Data Transformation and Explanatory analysis

Data wrangling

data wrangling

munging

statistics

Author

Bongani Ncube

Published

27 January 2024

Objectives

Welcome to yet another R blog on data analysis and wranling using R At the end of this tutorial you will:

understand the role of data wrangling
understand the basic capabilities of dplyr
acquire skills to perform common data wrangling using dplyr,stringr,tidyr and forcats packages

What is data wrangling?

Note

Data wrangling is also known as Data Munging or Data Transformation. It is loosely the process of manually converting or mapping data from one “raw” form into another format. The process allows for more convenient consumption of the data.
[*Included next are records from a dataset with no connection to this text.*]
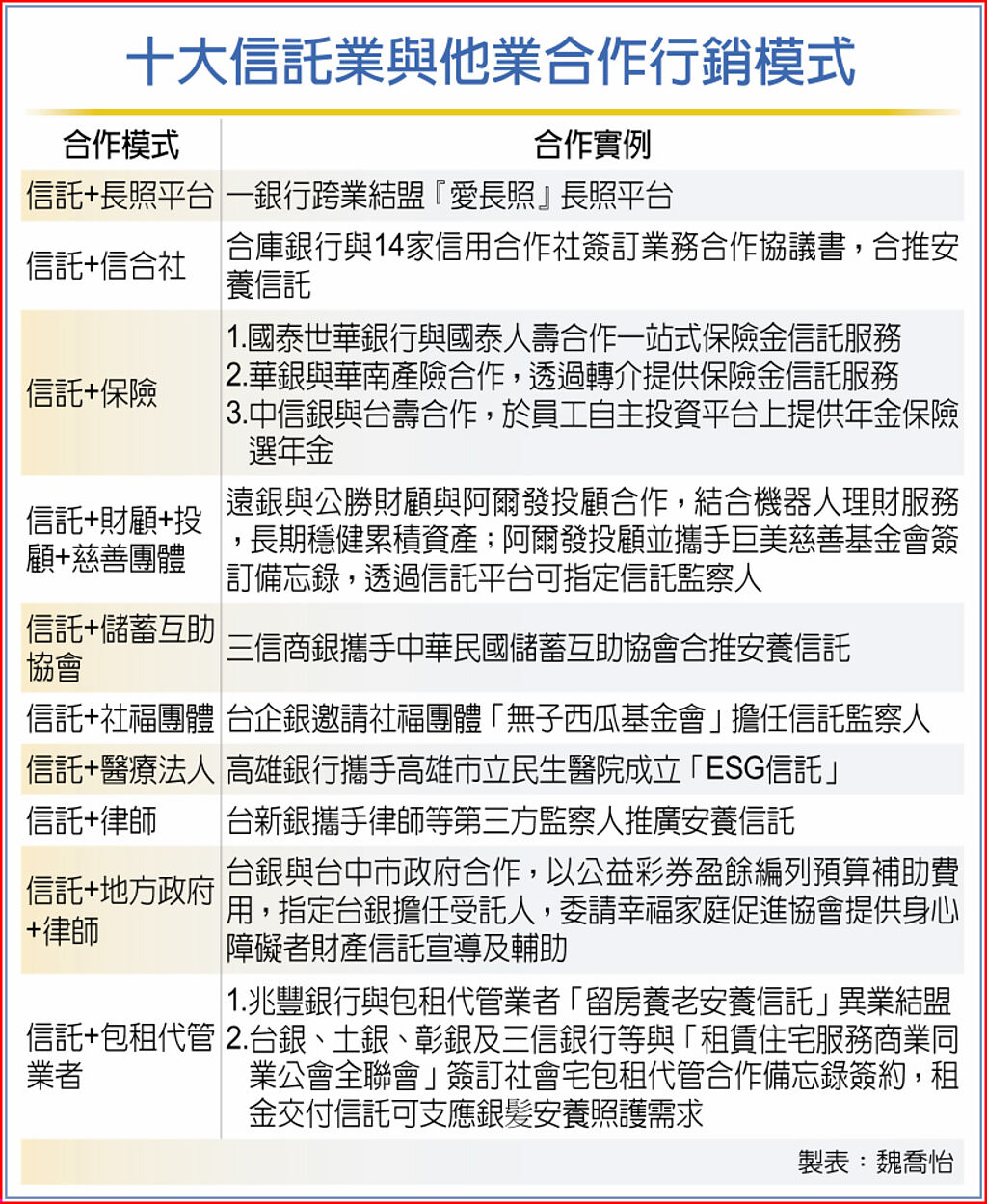 響應金管會推動信託2.0政策,國銀為創新信託服務紛出招。中信銀行從三大構面拚創新,包括企業、保險金信託、個人投資上都有創新信託服務,且進行跨業結盟;國泰世華銀行「微型安養信託」幫長者「老本」再多上一道鎖;兆豐銀行兵分五路提升信託的服務品質及內容。至於華南銀行,則射出「家庭延續+企業傳承+社會永續」的傳承信託三箭。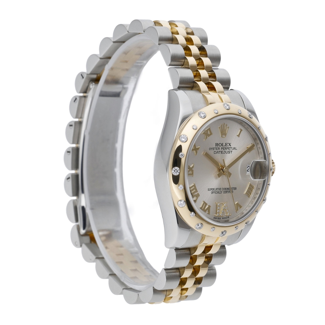 A Bi-Metal Rolex Datejust 31 Watch, Stainless Steel & 18ct Yellow Gold with a Scattered Diamond Bezel on a Silver Dial with an Original Rolex Diamond Roman Numeral VI Dial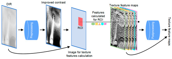 - Texture feature map computation—the digitized radiographs were of various quality, therefore some standardization was necessary. Sometimes, improving the contrast by image processing methods (e.g., histogram stretching or equalization - HISTEQ) was sufficient, yet in the presented problem it was not satisfactory. Therefore, for each image a set of texture feature maps were prepared. Those maps may also be characterized with low contrast, hence again (as in the preprocessing step) the standard methods for its improvement were applied in the post-processing stage.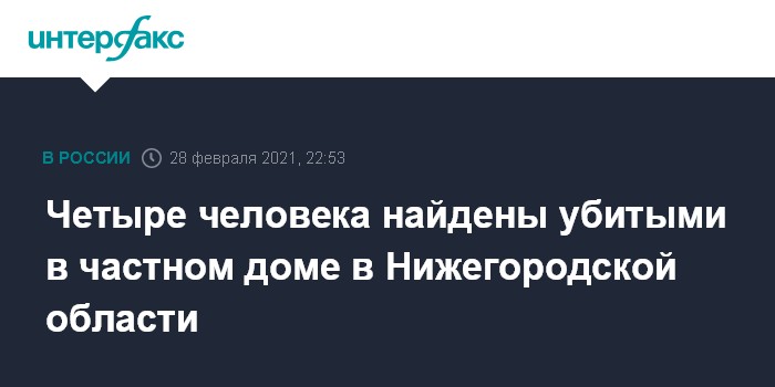 Днем 28 февраля в доме поселка Кудьма Кстовского района Нижнего Новгорода обнаружены погибшими 5-летний мальчик, его 41-летняя мать, 64-летний дедушка и 63-летняя бабушка.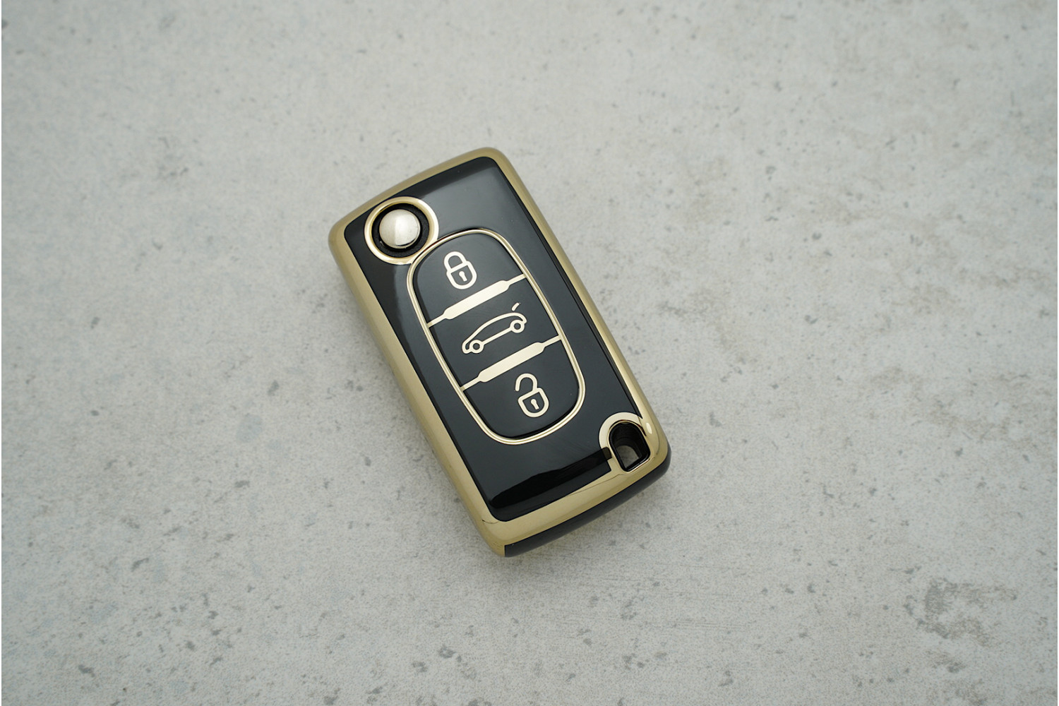 Чохол Peugeot 3 кнопки чорний-золото забезпечує надійний захист ключа та стильний вигляд щодня.
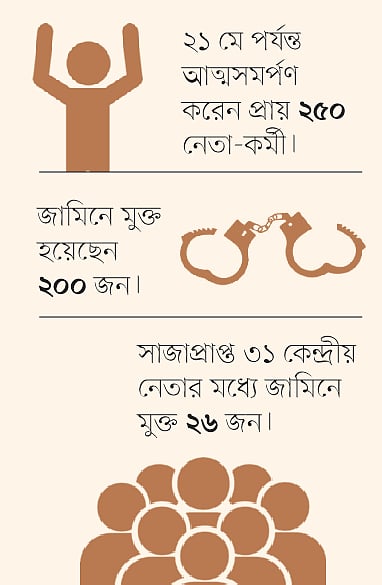 সংশ্লিষ্ট সূত্রগুলো বলছে, নির্বাচনের পর পুলিশের ধরপাকড় কমে আসায় সাজা হওয়া নেতা–কর্মীদের অনেকে আদালতে আত্মসমর্পণ করতে শুরু করেছেন। ২১ মে পর্যন্ত প্রাপ্ত তথ্য অনুযায়ী, আত্মসমর্পণকারী নেতা-কর্মীর সংখ্যা প্রায় ২৫০। তাঁদের মধ্যে জামিনে মুক্ত হয়েছেন ২০০ জনের মতো। আর কেন্দ্রীয় নেতাদের মধ্যে জামিনে মুক্ত হয়েছেন ২৬ জন, ৫ জন এখনো কারাগারে।

Data analysts typically spend the majority of their time in the process of data wrangling compared to the actual analysis of the data.

Common data wrangling processes

The common data wrangling processes include:

Note

reducing the size of dataset by selecting certain variables (or columns)
generating new variable from existing variables
sorting observation of a variable
grouping observations based on certain criteria
reducing variables to groups in order to estimate summary statistic

Use tidyverse functions for achieving this!

already have a blog about these functions

Note

dplyr::select() - to select a number of variables from a dataframe
dplyr::mutate() - to generate a new variable from existing variables
dplyr::arrange()- to sort observation of a variable
dplyr::filter() - to group observations that fulfil certain criteria
dplyr::group_by() and dplyr::summarize() - to reduce variable to groups in order to provide summary statistic

setup

library(tidyverse)
library(lubridate)

new_data <- read_csv("recipe_site_traffic_2212.csv")
dim(new_data)
#> [1] 947   8
names(new_data)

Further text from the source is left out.